Our new expert spotlight series showcases the great minds of SMG—those who keep us innovating, growing, and driving meaningful change. We sat down with Eric Lemmon, Data Science Lead, to get the scoop on predictive analytics, text sentiment precision, and what it’s like to work with such a multidisciplinary team.
Describe your day-to-day at work.
Our team's mission is to infuse advanced analytics into SMG's offerings. That most often alludes to product enhancements, so I often work with several other teams—like Product, Marketing, and Client Insights—to identify upcoming opportunities and market needs that may benefit from a data science perspective. Downstream in our delivery pipeline, I also work with our Architecture and Engineering teams to come up with creative ways to integrate and expedite the delivery of our machine learning models into production.
One of my favorite parts is staying close to the data. I routinely wear my data engineering hat by assisting with general data access/delivery and data pipelines across our many data platforms: Hadoop, Spark, Kafka, SQL Server, MongoDB, etc.
What are the biggest challenges of your job?
Working with data scientists! Just being lighthearted, of course, but there is actually a lot of truth in that. There is a huge divide between a data scientist's approach to problem-solving and technical discipline: engineering, architecture, etc. This gap is my niche—I try to get everyone across teams speaking the same language and understanding how to deliver the end solution.
Also, the speed of our team's deliverables vary greatly—anything from a multiple-month project down to a couple of hours. We are always on the lookout for ways to more naturally fit into the rest of our regimented agile engineering process.
What do you love most about your job?
That's easy: the team. And I don't just mean the Data Science team (since that would be overtly biased!) I am referring to the organic, cross-functional teams that spring up across SMG to overcome pressing challenges. It’s a beautiful thing when you pull together subject matter experts spanning science, technology, and business disciplines—on three continents—to deliver value to our clients.
A recent example of this is how we discovered a deficiency in our text analytics sentiment performance for a specific industry, and we came together as a multidisciplinary team to tackle it head-on. The team ended up using state-of-the-art deep learning techniques to boost sentiment precision considerably, in a very short time.
What is your biggest accomplishment at SMG?
After building out our operational risk machine learning models for food safety and pest detection, we needed to rapidly deploy and demonstrate those capabilities. To do that, we assembled a small team of technical experts to build out a data & ML pipeline across several big data systems.
This allowed us to safely tap into our live data streams, apply our ML models, and show a dashboard of potential food safety and pest issues across all of our restaurant, grocery, and convenience store clients simultaneously. We went from concept to production in just a few days. With all of those sophisticated systems in play, that could only have been done efficiently (and with zero production impact!) with a seasoned, highly-skilled team.
How does data science continue to evolve, and what is SMG doing to innovate along with it?

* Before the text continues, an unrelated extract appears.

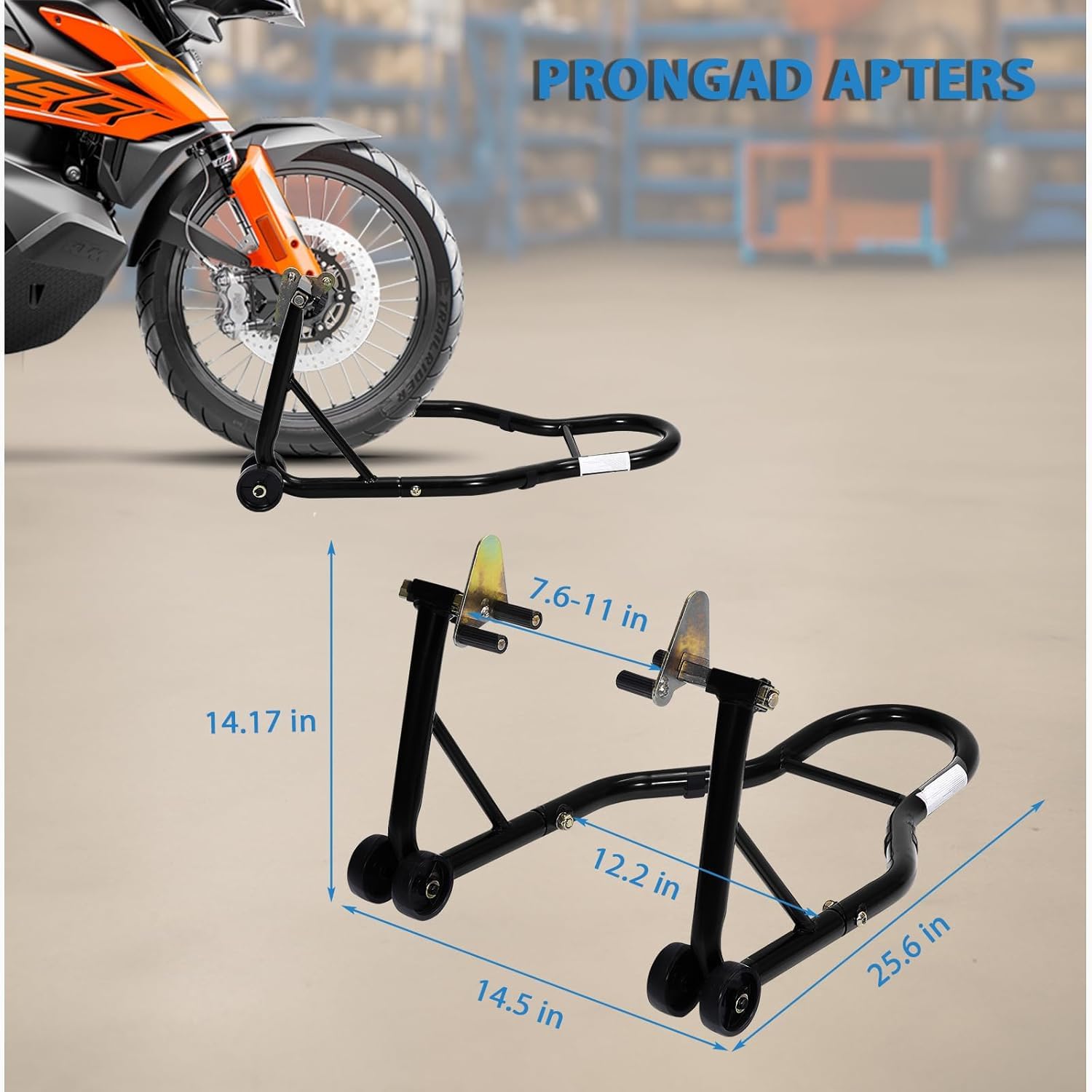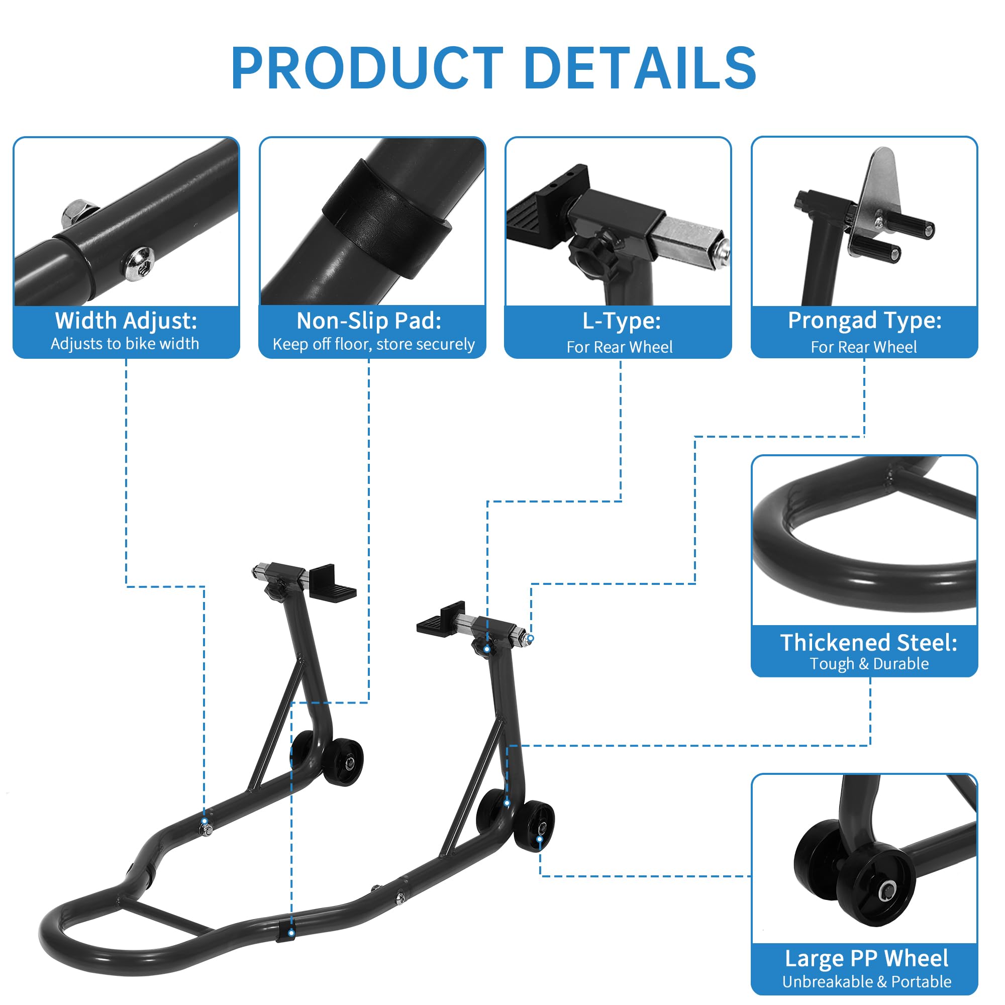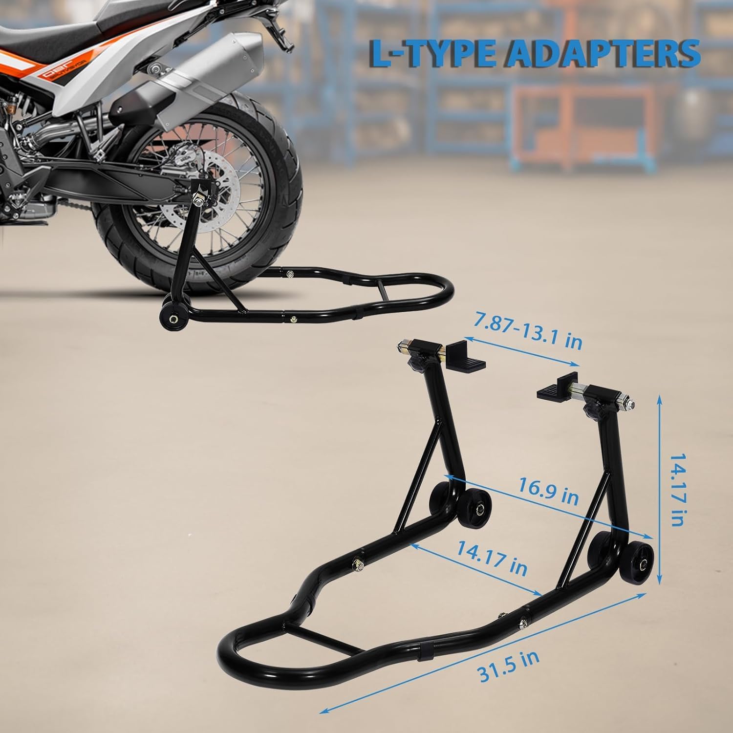 Adjustable Universal Fit: Featuring a front stand adjustable from 7.6" to 11" and a rear stand adjustable from 7.87" to 13.1" (L-shaped fork) or 7.87" to 16.93" (U-shaped fork) with swingarm spools, this motorcycle paddock stand accommodates a wide range of tire sizes

Data science is rapidly evolving on many fronts. One topic that is booming right now is explainability: a "show-your-work" mindset for machine learning models that gives insight to the reason a model had a certain outcome. This heightened transparency is very important to us, and we are employing state-of-the-art techniques internally that we hope to later build into our products. This not only builds trust with our users, but also gives us critical clues as to how to curate our training data to remove any unintended bias.
Another area that is crucial for any organization participating in supervised learning is training cost. Acquiring training data is usually very expensive—especially for classification problems having a highly imbalanced distribution of values. For example, we built classifiers to detect a food safety issue on open-ended text comments, even though actual food safety cases only occur one in every several thousand surveys. We have billions of comments at our disposal, but it is impractical to label each of those for food safety issues. So instead, we used active learning techniques to pare down our data to get us enough positive cases to be useful for training and refinement, then transferred learning to layer our custom logic atop industry-leading models.
How did you end up in this line of work?
My last few years as an architect gravitated away from general technical architecture, toward data architecture and engineering. That coincided with our former leader of data science needing my skill set, so I jumped at the chance to help him build out his team.It has been very rewarding to play a role in building out capabilities that genuinely help others (such as our food safety alerting). A quote from John D. Rockefeller captures it much more eloquently: Don't be afraid to give up the good to go for the great.